На вершине холма мою шляпку унесло ветром, и мы с Гарри оба кинулись за ней. Гарри догнал ее раньше, хотя, признаться, я немного натянула поводья и придержала лошадь. С глубоким поклоном он подал ее мне, как старинный паж — корону своей королеве.
Наши лошади медленно трусили, плечо к плечу, по старой, едва заметной дороге. С южной стороны на нас глядело сверкающее и манящее море. В небе кружились жаворонки, с песней забираясь все выше и выше, а затем вдруг стремглав бросаясь вниз к земле. В лесу раздавался зов кукушки, а совсем рядом с нами задумчиво гудел шмель и тихо жужжали пчелы.
Я была одна на моей земле с тем единственным человеком, в котором нуждалась. Сегодня Гарри был ничей, и мое изголодавшееся, ревнивое сердце знало, что мы будем одни еще весь этот долгий вечер. Он будет смотреть только на меня и улыбаться только мне.

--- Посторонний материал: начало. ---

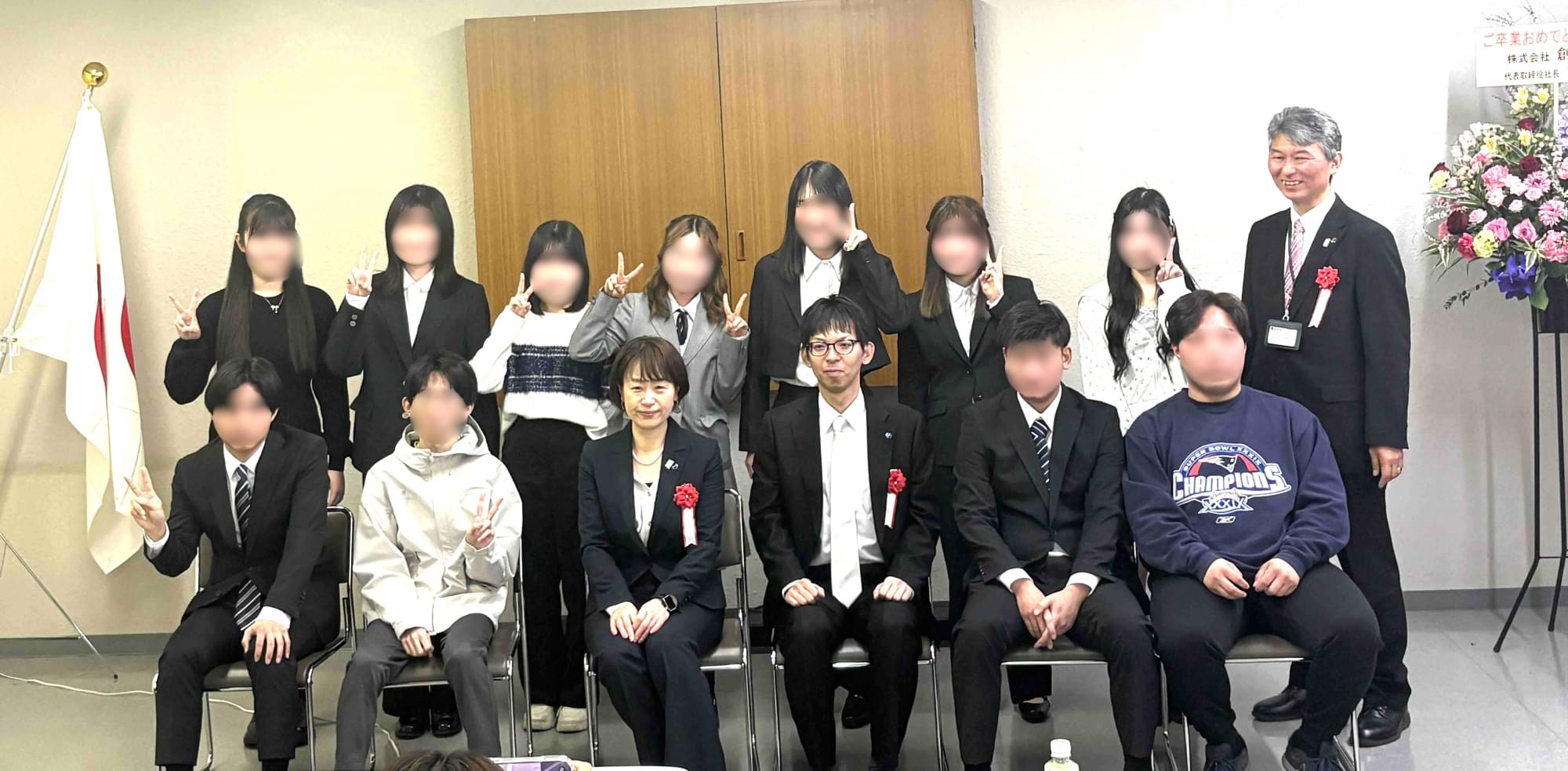 サプライズ動画の上映では、共に歩んだ日々を振り返り会場が温かな感動に包まれます。最後は全員で記念撮影、最高の笑顔で門出を祝いました 。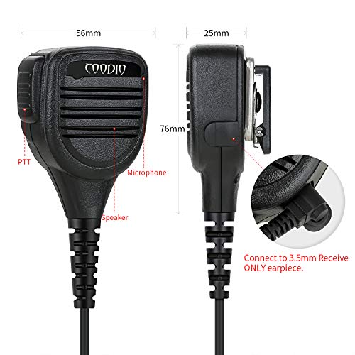 COODIO Motorola TLKR Radio 1-Pin Superiore Microfono a distanza Altoparlante [IP54 Impermeabile] e Presa 3,5mm Auricolare Per Motorola TLKR Ricetrasmittente PMR

Наша беседа текла неторопливо. Мы говорили о последней книге, которую прочел Гарри, о доме, о тех переменах, которые произойдут в октябре. Затем вдруг без переходов Гарри заговорил о Селии.

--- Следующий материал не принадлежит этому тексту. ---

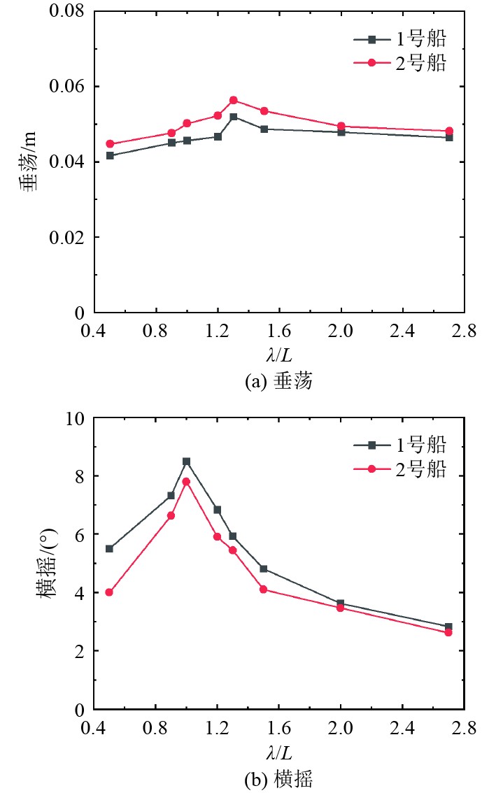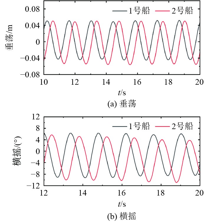 图 3 并靠船舶运动幅值 Fig. 3 Amplitude of motion of two ships |

— Она — такая чистая, Беатрис, такая невинная, — начал он. — Я так уважаю ее. Обидеть ее мог бы только негодяй. Она, как прекрасная статуэтка из дрезденского фарфора. Как ты считаешь?
— О, да, — подтвердила я с готовностью. — Она прекрасна, как ангел. По-моему, только немного застенчива? — я допустила в моем голосе нотку доброжелательного вопроса.
— И нервна, — согласился Гарри. — С таким животным, как ее отчим, она и понятия не имеет, какой счастливой может быть семейная жизнь.
— Какое несчастье, — осторожно произнесла я. — Какое несчастье для этой очаровательной девушки, твоей будущей жены, быть такой холодной.
Гарри быстро глянул на меня.
— Это то, чего я боюсь, — откровенно сказал он. Наши лошади уже спустились в маленькую уютную лощину, с одной стороны которой отвесно вздымался холм, а с другой ее скрывала от посторонних глаз небольшая ореховая рощица. Сидя здесь, мы чувствовали себя, как в укрытии, и при этом с запада перед нами открывалась половина Англии. Гарри спрыгнул с седла и стал привязывать лошадь. Я же продолжала оставаться в седле, позволив Соррель неторопливо щипать траву.